Recently, J Street PAC helped Representative Donna Edwards, a Maryland Democrat, combat a challenge from within her own party. Glenn Ivey, Edwards’ opponent, sought to unseat her by criticizing her progressive record on Israel and playing up his own hardline views. He recently dropped out of the race after admitting he could not raise enough money to win.

This is a small victory, but I think it bodes well for things to come. We need people to do the hard work of supporting our candidates. It’s great to “broaden the dialogue” and “change the debate,” but it’s also key to support incremental change by raising money for progressive representatives. More aesthetically pleasing tactics – direct action, education, and well-reasoned argument – will bring people into the movement. But thanks to J Street and groups like it, we already have a movement with some power. Now it’s time to get our candidates elected.

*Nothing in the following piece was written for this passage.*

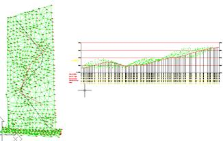 This option allows us to project a set of points on a longitudinal profile obtained in the same work or model. In order to do so, it is necessary to have previously drawn the longitudinal profile on which one wishes to project the polyline.
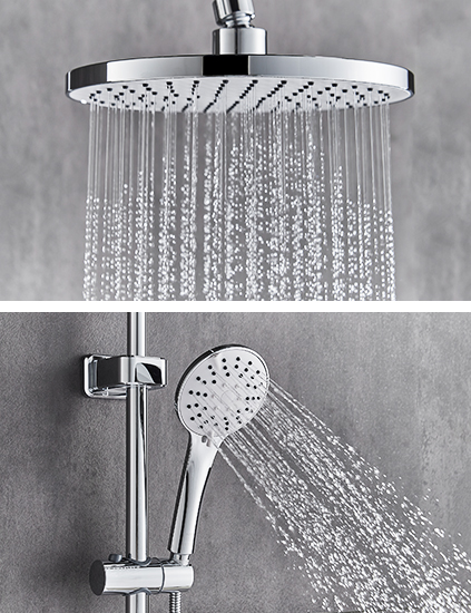 • 9寸大頂噴,五功能花灑,含噴槍出水和緩停出水。

On the other hand, this story shows just how much work we have to do. This is one win in one election in a progressive district where Israel is not a particularly divisive issue. Yet Edwards’ victory is still news. It will be bigger news when candidates don’t consider Israel an automatic way to defeat their progressive rivals. Ivey was disappointed in this respect, and J Street PAC will ensure future disappointments for those who use this strategy. Someday soon, candidates might hold moderate views on Israel during elections without superhuman bravery. Props to J Street for getting us one step closer.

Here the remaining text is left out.